What is Proteomics

What is proteomics?
Proteomics is the large-scale study of proteins.

Brief definition
The term “proteomics” was first coined in 1995 and was defined as the large-scale characterization of the entire protein complement of a cell line, tissue, or organism.

Today, two definitions of proteomics are encountered. The first is the more classical definition, restricting the large-scale analysis of gene products to studies involving only proteins.

The second and more inclusive definition combines protein studies with analyses that have a genetic readout such as mRNA analysis, genomics, and the yeast two-hybrid analysis.

However, the goal of proteomics remains the same, i.e., to obtain a more global and integrated view of biology by studying all the proteins of a cell rather than each one individually.

What is proteome?
A proteome is a set of proteins produced in an organism, system, or biological context. We may refer to, for instance, the proteome of a species (for example, Homo sapiens) or an organ (for example, the liver). The proteome is not constant; it differs from cell to cell and changes over time. To some degree, the proteome reflects the underlying transcriptome, however protein activity is also modulated by many factors in addition to rates of production.

Why Proteomics?
Many types of information cannot be obtained from the study of genes alone. For example, proteins, not genes, are responsible for the phenotypes of cells. It is impossible to elucidate mechanisms of disease, aging, and effects of the environment solely by studying the genome. Only through the study of proteins can protein modifications be characterized and the targets of drugs identified.
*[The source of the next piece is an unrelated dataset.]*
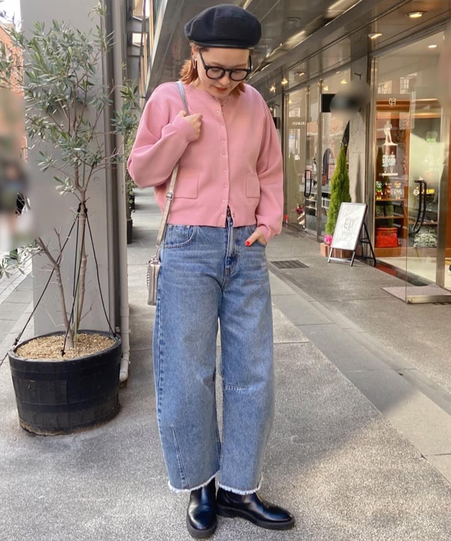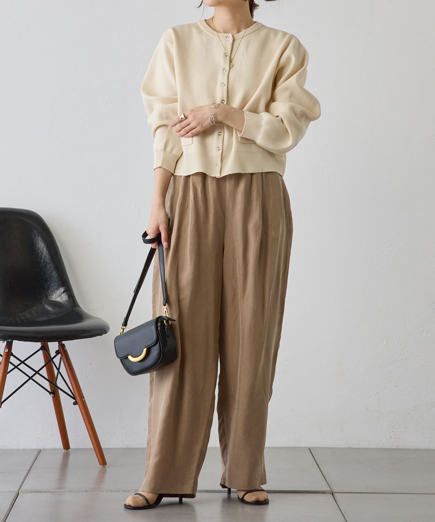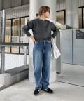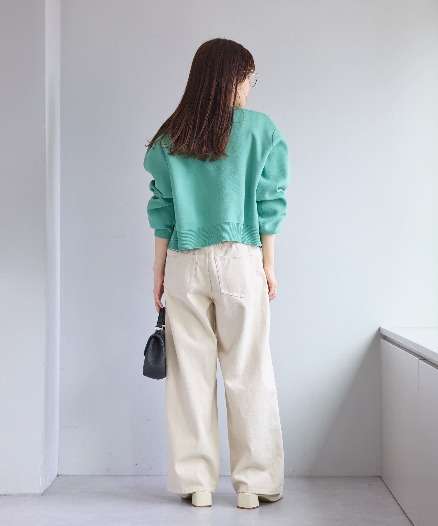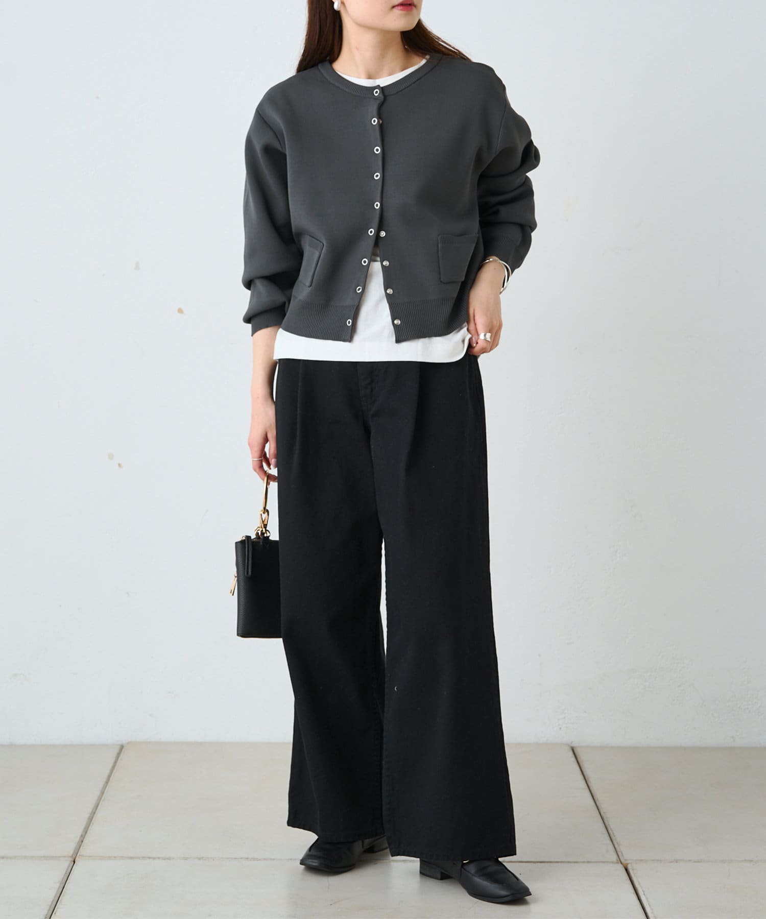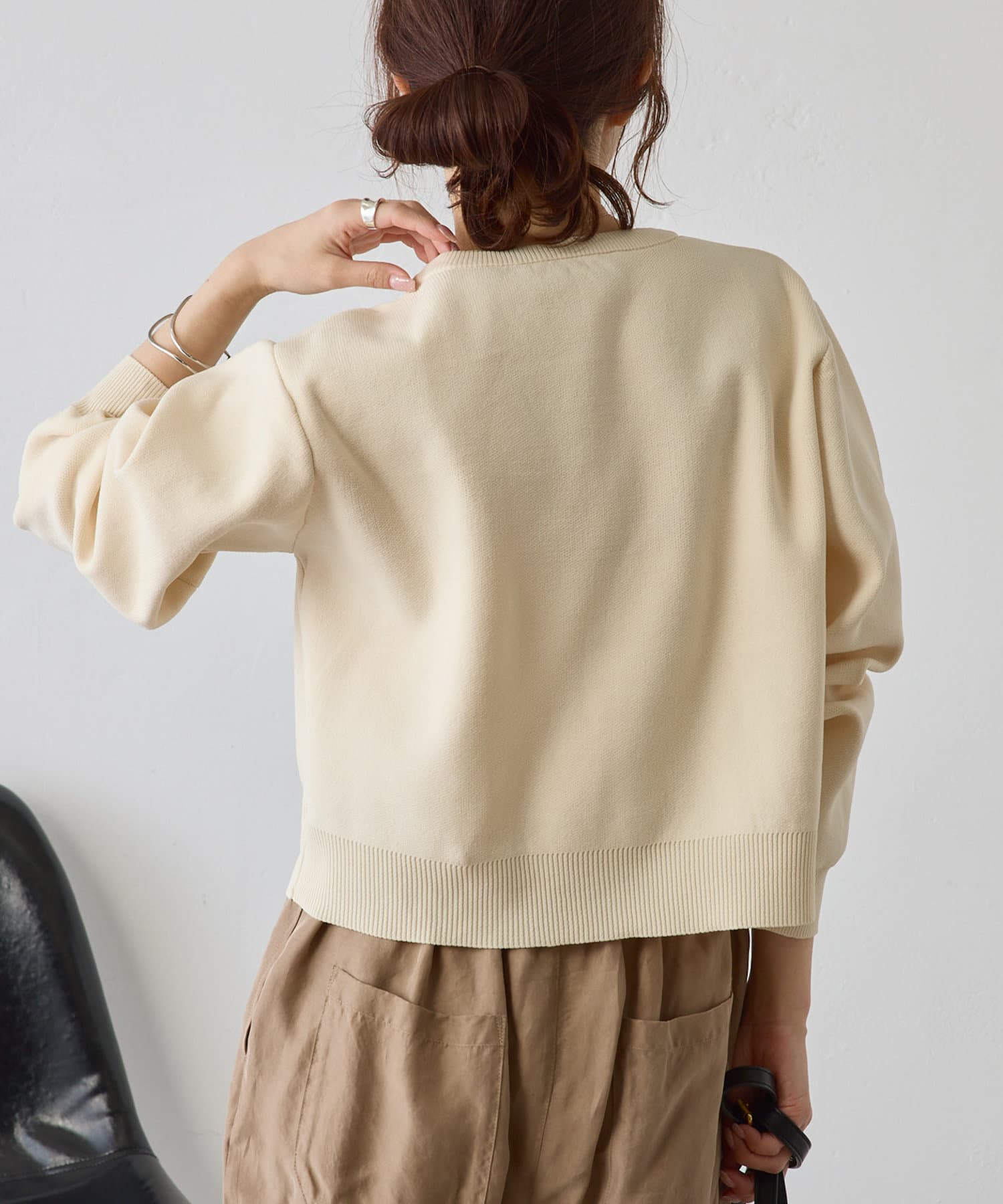 ラウンドネックなので寒い季節にはハイネックインナーとのレイヤードがおすすめ。

Proteomics is used to investigate:
(i) when and where proteins are expressed;
(ii) rates of protein production, degradation, and steady-state abundance;
(iii) how proteins are modified (for example, post-translational (iv) modifications (PTMs) such as phosphorylation);
(v) the movement of proteins between subcellular compartments;
(vi) the involvement of proteins in metabolic pathways;
(vii) how proteins interact with one another.

Types of Proteomics
(i) Protein expression proteomics.
The quantitative study of protein expression between samples that differ by some variable is known as expression proteomics. In this approach, protein expression of the entire proteome or of subproteomes between samples can be compared. Information from this approach can identify novel proteins in signal transduction or identify disease-specific proteins.
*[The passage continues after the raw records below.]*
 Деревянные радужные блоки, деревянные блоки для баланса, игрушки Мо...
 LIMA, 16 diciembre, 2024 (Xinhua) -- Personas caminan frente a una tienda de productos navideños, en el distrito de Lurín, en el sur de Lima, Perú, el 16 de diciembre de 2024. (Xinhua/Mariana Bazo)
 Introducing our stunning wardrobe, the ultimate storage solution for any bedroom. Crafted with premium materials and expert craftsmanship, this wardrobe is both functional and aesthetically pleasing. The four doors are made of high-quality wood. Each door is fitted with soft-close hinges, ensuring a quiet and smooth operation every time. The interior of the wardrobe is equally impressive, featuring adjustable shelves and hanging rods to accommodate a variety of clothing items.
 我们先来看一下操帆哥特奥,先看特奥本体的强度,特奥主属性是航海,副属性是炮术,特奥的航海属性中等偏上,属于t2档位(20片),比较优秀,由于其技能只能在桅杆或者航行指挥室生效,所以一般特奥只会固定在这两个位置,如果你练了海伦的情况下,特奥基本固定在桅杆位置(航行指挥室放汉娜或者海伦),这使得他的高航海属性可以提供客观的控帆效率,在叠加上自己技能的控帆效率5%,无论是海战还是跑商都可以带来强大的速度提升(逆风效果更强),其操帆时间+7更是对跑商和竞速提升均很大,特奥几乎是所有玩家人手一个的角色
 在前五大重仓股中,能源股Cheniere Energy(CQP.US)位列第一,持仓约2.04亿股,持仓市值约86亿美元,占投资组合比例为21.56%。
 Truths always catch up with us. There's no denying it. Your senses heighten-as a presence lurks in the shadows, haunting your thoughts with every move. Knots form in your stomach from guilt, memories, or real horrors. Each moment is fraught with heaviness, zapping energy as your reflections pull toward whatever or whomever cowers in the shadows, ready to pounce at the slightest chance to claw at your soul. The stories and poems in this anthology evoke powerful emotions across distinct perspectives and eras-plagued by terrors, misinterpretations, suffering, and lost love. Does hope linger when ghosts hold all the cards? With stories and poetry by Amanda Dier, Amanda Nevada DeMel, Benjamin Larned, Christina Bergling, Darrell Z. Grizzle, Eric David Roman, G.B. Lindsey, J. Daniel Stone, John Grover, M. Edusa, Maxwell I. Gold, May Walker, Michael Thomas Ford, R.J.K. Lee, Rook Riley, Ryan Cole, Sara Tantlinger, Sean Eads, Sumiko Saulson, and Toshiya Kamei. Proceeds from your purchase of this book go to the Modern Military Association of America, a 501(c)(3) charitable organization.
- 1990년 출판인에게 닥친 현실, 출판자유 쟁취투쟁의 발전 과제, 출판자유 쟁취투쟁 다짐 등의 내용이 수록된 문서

(ii) Structural proteomics.
Proteomics studies whose goal is to map out the structure of protein complexes or the proteins present in a specific cellular organelle are known as “cell map” or structural proteomics. Structural proteomics attempts to identify all the proteins within a protein complex or organelle, determine where they are located, and characterize all protein-protein interactions. An example of structural proteomics was the recent analysis of the nuclear pore complex. Isolation of specific subcellular organelles or protein complexes by purification can greatly simplify the proteomic analysis. This information will help piece together the overall architecture of cells and explain how expression of certain proteins gives a cell its unique characteristics.
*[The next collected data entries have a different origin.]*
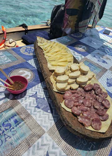 Once back on the boat, an aperitif of local products (sausage, cheese, jams...) will be waiting for us. Afterwards, a first seafood dish will be served, accompanied by water, soft drinks, local vermentino wine , and coffee.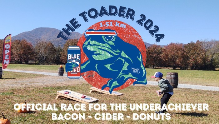 We feel that Thanksgiving is all about family, fun, food & drink! So we’re doing this race thing with a twist! Join us the Saturday after Turkey Day with your crew, and enjoy a “challenging”, eating, running, drinking, 1.51 Km race on Blue Toad Hard Cider’s stunning 27 acre farm surrounded by 360* views of the Blue Ridge!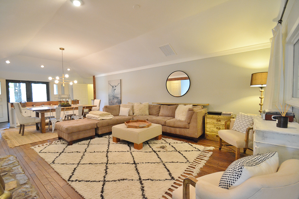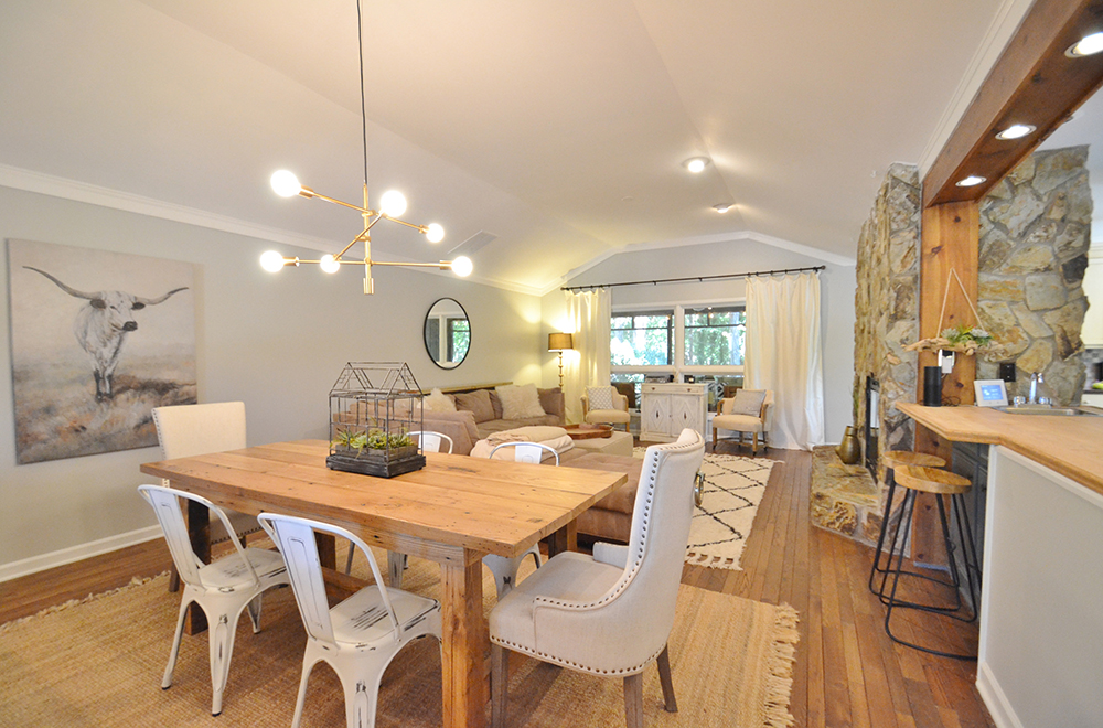 Amazing stone & wood made modern with crisp whites, grays + golds. This beautifully updated home at 3916 Woodfox Drive offers vaulted ceilings, tons of natural light, and an open floorplan for perfect flow. Kitchen boasts stainless steel, granite, and updated cabinetry located off a cozy breakfast nook.

(iii) Functional proteomics.
“Functional proteomics” is a broad term for many specific, directed proteomics approaches. In some cases, specific subproteomes are isolated by affinity chromatography for further analysis. This could include the isolation of protein complexes or the use of protein ligands to isolate specific types of proteins. This approach allows a selected group of proteins to be studied and characterized and can provide important information about protein signaling, disease mechanisms or protein-drug interactions.

Common technologies
Fluorescence 2D Difference Gel Electrophoresis (2D-DIGE),Isotope-Coded Affinity Tag (ICAT),Stable Isotope Labeling with Amino Acids in Cell Culture (SILAC),18O Stable Isotope Labeling,Isobaric Tag for Relative and Absolute Quantitation (iTRAQ),MUDPIT,Protein array and Mass spectrometry.

Challenges
The study of proteins, in contrast to that of DNA, presents a number of unique challenges. For example, there is no equivalent of PCR for proteins, so the analysis of low-abundance proteins remains a major challenge. In addition, in protein interaction studies, native conformations of proteins must be maintained to obtain meaningful results.

Conclusion
Despite these limitations, proteomics, when combined with other complementary technologies such as molecular biology, has enormous potential to provide new insight into biology. The ability to study complex biological systems in their entirety will ultimately provide answers that cannot be obtained from the study of individual proteins or groups of proteins.

References:
1.Graves, P. R., & Haystead, T. A. (2002). Molecular biologist’s guide to proteomics. Microbiol. Mol. Biol. Rev., 66(1), 39-63.
2.Fields, S. (2001). Proteomics in genomeland. Science, 291(5507), 1221-1224.
3.Rappsilber, J., & Mann, M. (2002). What does it mean to identify a protein in proteomics?. Trends in biochemical sciences, 27(2), 74-78.